Summary
This incident documents why a MySQL InnoDB Cluster deployed via Docker Compose failed to form a healthy, production‑grade HA cluster, despite all containers starting successfully. The root cause was not a single misconfiguration but a combination of orchestration, networking, and initialization‑order issues that commonly appear when stateful distributed systems are forced into a stateless container model.
Root Cause
The cluster failed because MySQL InnoDB Cluster requires deterministic startup sequencing, stable hostnames, and consistent state, none of which were guaranteed in the provided Compose setup.
Key root‑cause factors:
- MySQL Shell attempted to bootstrap the cluster before all nodes were fully initialized, even though health checks passed.
- Docker Compose hostnames (
mysql-server-1, etc.) were not resolvable inside MySQL itself, causingcluster.addInstance()to fail intermittently. - GTID‑based replication requires synchronized metadata, but each container started with a fresh data directory.
- MySQL 8.0.13 is too old for stable InnoDB Cluster behavior, and several bugs in that release affect Group Replication.
- No persistent volumes, meaning nodes lost state on restart and rejoined incorrectly.
- Router started before the cluster was fully formed, causing connection routing failures.
Why This Happens in Real Systems
Distributed databases are extremely sensitive to startup order, state consistency, and network identity. In containerized environments, these guarantees are often violated.
Common systemic reasons:
- Containers start “fast,” but databases start “slow.”

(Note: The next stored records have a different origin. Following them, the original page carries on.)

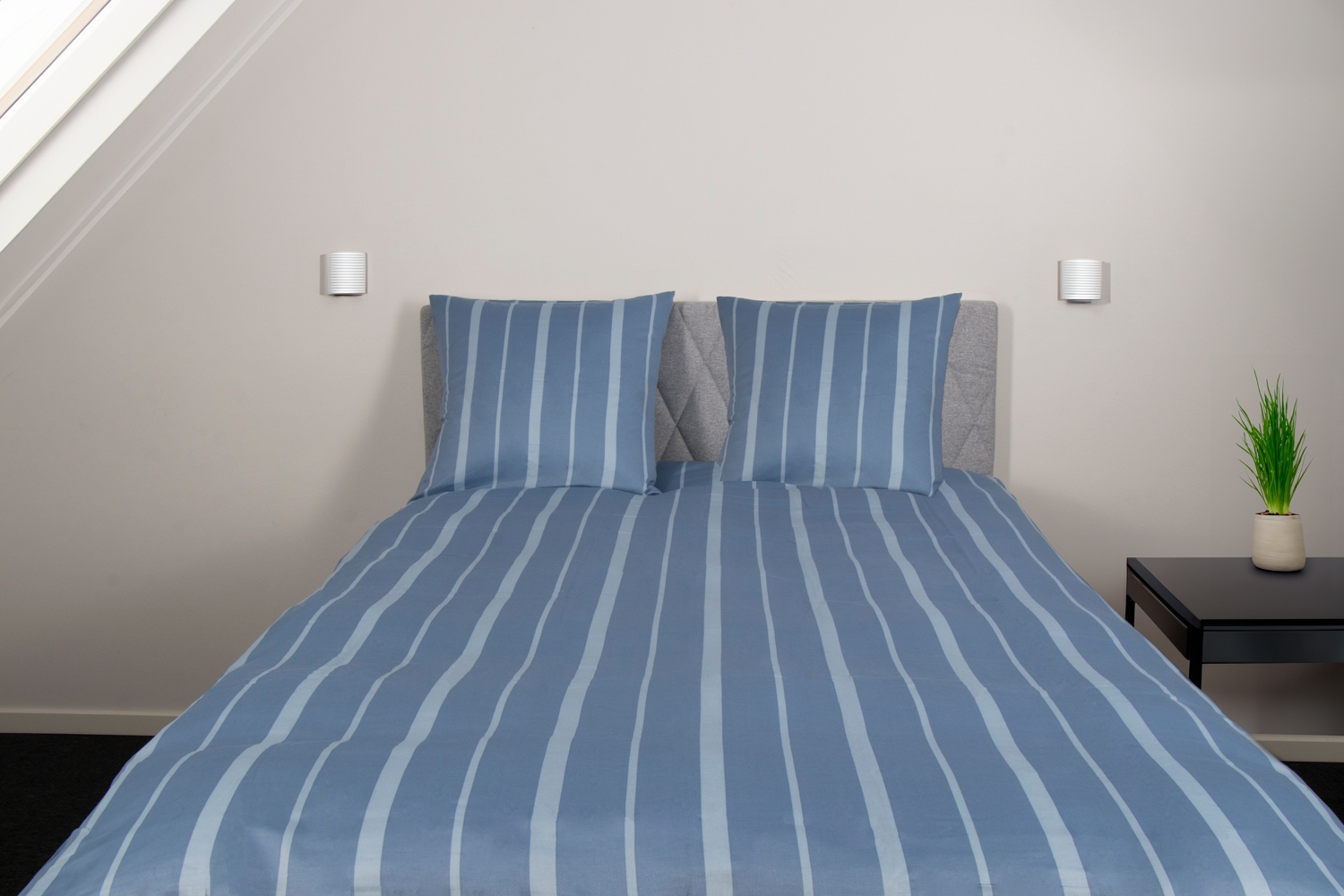 Forside » Sengetøj Ekstra blødt dobbelt sengetøj 200x220 cm - 100% bomuldssatin - Lyseblåt stribet sengesæt - 300 TC sengelinned fra By Borg 2 x PudebetrækSpar78% By Borg 1.599,95345,00DKKSpar 1.255,- På lager Trustpilot Antal Læg i kurv Se mere fra: By Borg Artikelnummer: 801-5 Læs vores sengetøjsguide Se vores store udvalg af lagner Se vores store udvalg af dyner 200x220 Har du spørgsmål til produktet? Ekstra fin & tæt vævning - 300 TCLuksuriøs blødhed Høj åndbarhed & komfort Dynebetræk: 200x220 cm Pudebetræk: 2 stk. á 60x63 cm Materiale: 100% bomuldssatin Vævning: Ekstra fin 300 TC vævning (Thread count = antal tråde pr. kvadrattomme) Farve: Blå og lyseblå striber Design: Lana stribet Brand: Excellent By Borg Lukning: Dyne- og pudebetræk med indvendig skjult lynlås Vask: 60° Tørretumbling: Ja Tåler strygning: Ja Certificering: STANDARD 100 by OEKO-TEX® (M24LKFHY1 Hohenstein HTTI). Din garanti for at produktet er fri for sundhedsskadelige stoffer. Luksuriøst 100% bomuldssatin sengetøj, med et klassisk stribet design i rolige farver. Et sengesæt med fokus på høj komfort, åndbarhed og en lækker blødhed. Som kombinere kvalitets materialer med et stilrent design, og tilsammen skaber et sengelinned der giver dit sovemiljø en følelse af hjemlig forkælelse. Sengetøjet er fremstillet i 100% bomuldssatin, med en ekstra tæt og fin vævning på 300 TC. Denne tætte TC giver sengesættet en helt unik og luksuriøs blødhed. Kendetegnet ved denne type af sengelinned er netop den ekstraordinære blødhed og følelsen af det kraftigt materiale. Den fine bomuldssatin som er vævet af ekstra fine garner og har en helt tæt vævning på hele 300 TC, hvilket indikerer at der er intet mindre end 300 fine tråde vævet sammen pr. kvadrattomme - og jo højere TC, desto tættere er vævningen. Kombinationen af den høje TC, fine bomuldssatintråde og vævemetodens art, gør at sengesættet ikke kun er utrolig lækkert at sove med, men også har en høj slidstyrke, åndbarhed og absorberingsevne. Sengesættet er 100% gennemfarvet, hvilket betyder at farven under produktionen bindes i bomuldsfibrene og giver sengetøjet en høj farveægthed. Dette gør at materialets farve og design bevares selv efter gentagende vaske. Sengesættet lukkes med skjult lynlås i både dyne og pudebetræk. Køb let pudebetræk til dine ekstra puder her Benyt samtidig muligheden for at sikre dig øget sovekomfort, ved at tilføje et nyt blødt lagen af høj kvalitet. Du finder vores store sortiment af kvalitets lagner her Excellent By Borg har med deres dansk producerede dyner og puder, samt fantastiske sengetøj fokus på komfort og søvnoptimering. De ved at kilden til en god hverdag og høj livskvalitet er forbundet med en optimal og god nattesøvn. Derfor har de gjort det nemt for dig at finde de rette sovekomponenter, der passer til netop dit behov. Produkterne fra Excellent By Borg giver dig yderst høj kvalitet samt en grundig certificering. Tilbage til Sengetøj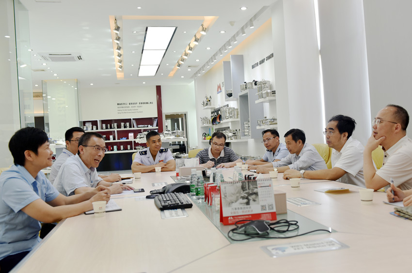 調研團一行先后來到全景廠區沙盤模型、四樓智能餐廚具產品展示廳,劉總向大家介紹了榮獲德國紅點獎的智能微壓鍋、廣交會上備受關注的智能健康大廚房等系列產品。調研團對萬事泰集團近年來在轉型升級的道路上收獲到的累累碩果表示贊嘆不已。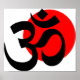 O símbolo Ohm com um sol vermelho atrás dele.

- Health checks only verify process liveness, not replication readiness.
- DNS inside Docker networks is eventually consistent, not immediate.
- Group Replication requires strict timing and state coordination, which Compose cannot enforce.
- Stateless orchestration tools do not understand stateful consensus protocols.
Real-World Impact
When this pattern appears in production, the consequences are severe:
- Cluster never forms, leaving applications stuck in read‑only mode.
- Split‑brain scenarios if nodes start with divergent GTID sets.
- Router sends traffic to non‑primary nodes, causing write failures.
- Data loss when containers restart without persistent storage.
- Operational instability because every restart changes node identity.
Example or Code (if necessary and relevant)
Below is a minimal example of how a stable hostname and volume definition should look in Compose:
services:
mysql1:
image: mysql:8.0
hostname: mysql1
volumes:
- mysql1_data:/var/lib/mysql
This is not a full solution—just an illustration of the type of configuration missing from the original setup.
How Senior Engineers Fix It
Experienced engineers avoid running InnoDB Cluster in raw Docker Compose entirely, but if forced to, they apply several critical fixes:
- Pin stable hostnames using
hostname:andnetworks:. - Add persistent volumes for all MySQL nodes.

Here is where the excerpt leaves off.